Constantini e Mosaner ancora sul podio: come è arrivato il bronzo olimpico nel curling
Il bronzo che luccica come una promessa mantenuta. Stefania Constantini e Amos Mosaner hanno scritto un altro capitolo della loro favola sportiva, conquistando la medaglia di bronzo nel doppio misto di curling ai Giochi Olimpici Invernali di Milano-Cortina 2026.
Gli azzurri hanno battuto la Gran Bretagna 5-3 nella finale per il terzo posto, in una partita tesa, tattica, quasi scacchistica, decisa su dettagli minimi e su nervi saldi. Con questo risultato, l’Italia sale a quota undici medaglie in questi Giochi, consolidando un movimento che ormai non è più una sorpresa ma una realtà strutturata.
Una finale sul filo del rasoio
La sfida per il bronzo è stata un duello a bassa voce ma ad altissima intensità. Nessuna fuga, nessun dominio: il punteggio non si è mai discostato oltre l’1-0 per una delle due coppie. Un equilibrio millimetrico, degno di uno sport dove la precisione è arte e la strategia è filosofia.
Alla fine, a spuntarla sono stati gli italiani, capaci di gestire la pressione davanti al pubblico di casa, tirando un sospiro di sollievo e festeggiando sul ghiaccio di Cortina. Un podio conquistato con maturità, esperienza e quella freddezza che nel curling è più importante del talento puro.
Un binomio da élite mondiale
Il bronzo olimpico completa un ruolino di marcia impressionante: oro olimpico a Pechino 2022, oro mondiale, e ora un nuovo podio a cinque cerchi. In quattro anni, Constantini e Mosaner si sono trasformati in un marchio globale del doppio misto, una coppia di riferimento per tecnica e tattica.
Le aspettative erano altissime, forse persino ingombranti. Eppure sono state rispettate. Per replicare l’oro sarebbe servita una perfezione quasi chirurgica, ma il bronzo conferma che l’Italia del curling non è stata una meteora. È una scuola.
Cortina, il palcoscenico perfetto
Vincere davanti al pubblico di casa ha un peso specifico diverso. Cortina non è solo una location olimpica: è una vetrina mondiale, una passerella simbolica per uno sport che in Italia fino a pochi anni fa era considerato di nicchia.

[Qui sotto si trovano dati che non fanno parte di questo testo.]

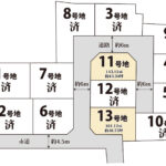備考 ※団地負担金40万円含む。※次の号地には別途、無償譲渡部分を含みます。9号地:2.72㎡/0.82坪。10号地:5.31㎡/1.60坪。

Oggi il curling azzurro è una storia di eccellenza. E il pubblico, che fino a ieri scopriva regole e strategie su TikTok, oggi applaude consapevole, riconoscendo il valore di una disciplina che richiede cervello, mano e sangue freddo.
Il futuro della coppia: una crepa nel ghiaccio?
Ma mentre il bronzo brilla, una frase di Stefania Constantini resta sospesa come un sassolino sotto la superficie del ghiaccio. Dopo il ko con gli Stati Uniti, l’atleta aveva dichiarato: “Ora siamo molto concentrati su questa competizione, poi tra qualche giorno ne inizierà un’altra, quindi per il futuro vedremo più avanti”.
Parole che sanno di prudenza, forse di stanchezza, forse di riflessione su un ciclo sportivo che potrebbe essere arrivato a una svolta. Con il bronzo al collo, la prospettiva cambia. La storia insegna che i podi chiariscono le idee più dei meeting strategici.
AMOS E STEFANIA ANCORA SUL PODIO OLIMPICOOOO
— Eurosport IT (@Eurosport_IT) February 10, 2026
Constantini e Mosaner vincono il bronzo dando spettacolo contro la Gran Bretagna – battuta 5-3! Si mettono al collo un bronzo dal peso specifico importantissimo! UNA CERTEZZA QUESTI RAGAZZI pic.twitter.com/f94iCm8oGM
Un bronzo che pesa come un manifesto
Questo bronzo non è un ripiego. È un manifesto: il curling italiano è qui per restare. Con o senza questa coppia, con o senza nuovi cicli, il movimento ha dimostrato di avere fondamenta solide.
Ma intanto, per una notte, Cortina ha celebrato due campioni che hanno fatto storia due volte. Prima con l’oro, oggi con un bronzo che vale conferma, continuità, identità.
E in uno sport dove tutto si decide su un millimetro di ghiaccio, la continuità è la vera medaglia d’oro.